We are delighted to offer Derrick Guild’s remarkable installation Ever After for The Edinburgh Festival 2019.
Derrick Guild creates a cabinet of curiosities for the post-modern, digital world. His rediscovery, or rather for the painter for whom it has never gone away, his repurposing of drawing and oil paint is in the context of a semiotic investigation of culture, art history and enlightenment. Guild is as comfortable constructing objects and vitrines as drawing, making moving images as permanent marks in paint, and sees no barrier in his varied approach, no essential difference between the conceptual and object-based practice.

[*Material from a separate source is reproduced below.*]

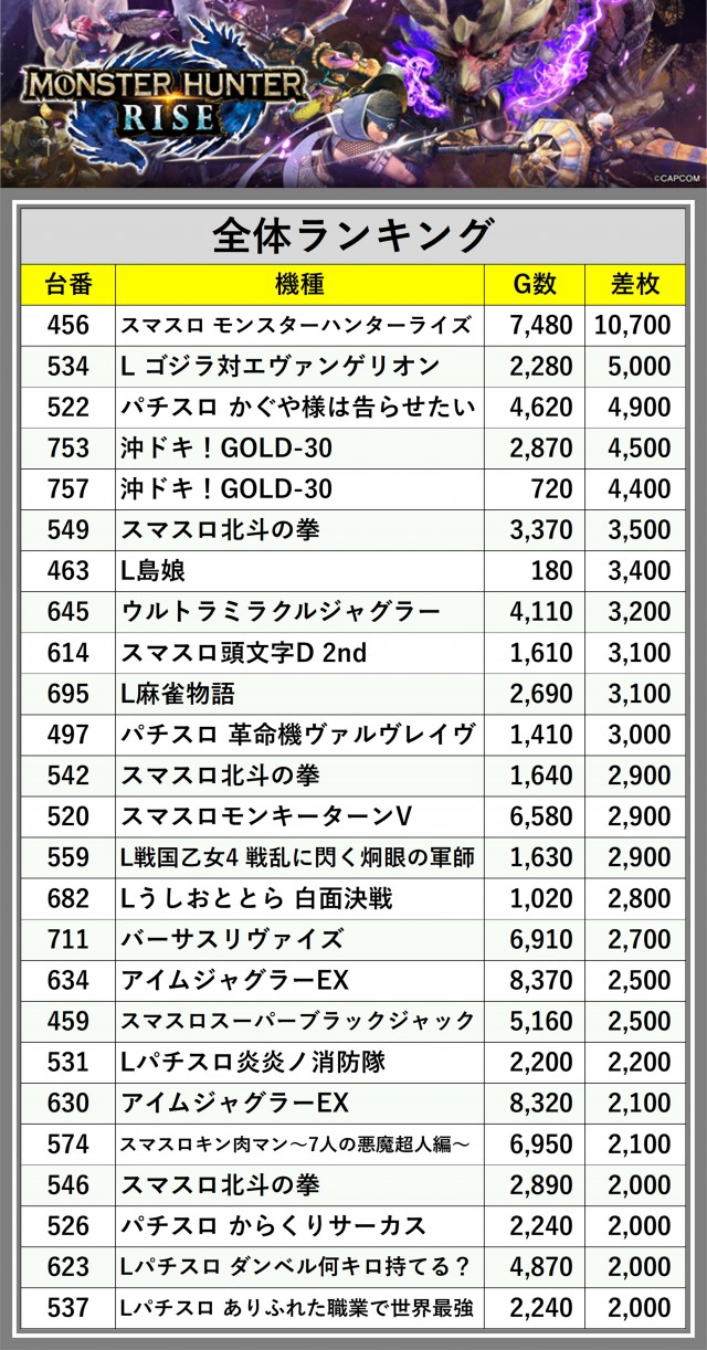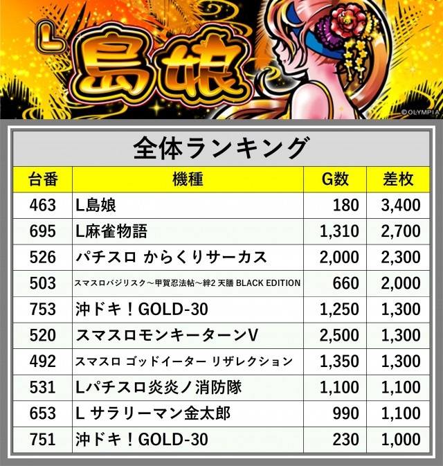 厳選された取材対象機種をはじめ、その他スロット全体から好記録が飛び出した!プレイヤーが楽しんだ1日を下記データにて振り返ってみて欲しい。

In Ever After he has looked at the most traditional of Joshua Reynold’s orders: portraiture and forced us to interrogate how we look and so what we learn. He takes the miniature, the small oval format, and provides a detail, not a face – against all expectations and in an installation of many of these miniature details our mind tries to reconstruct a whole. He has copied portraits by some of history’s most painterly artists: Velásquez, Raeburn and Lely, but as grids of labels, each bearing a detail, or single labels with a partial of the whole: art imitating art concealing art. But he does not deny his own instinct towards beauty and each work has satisfied the need: delicacy, balance and harmony achieved at an exquisite pitch in each work, however disembodied.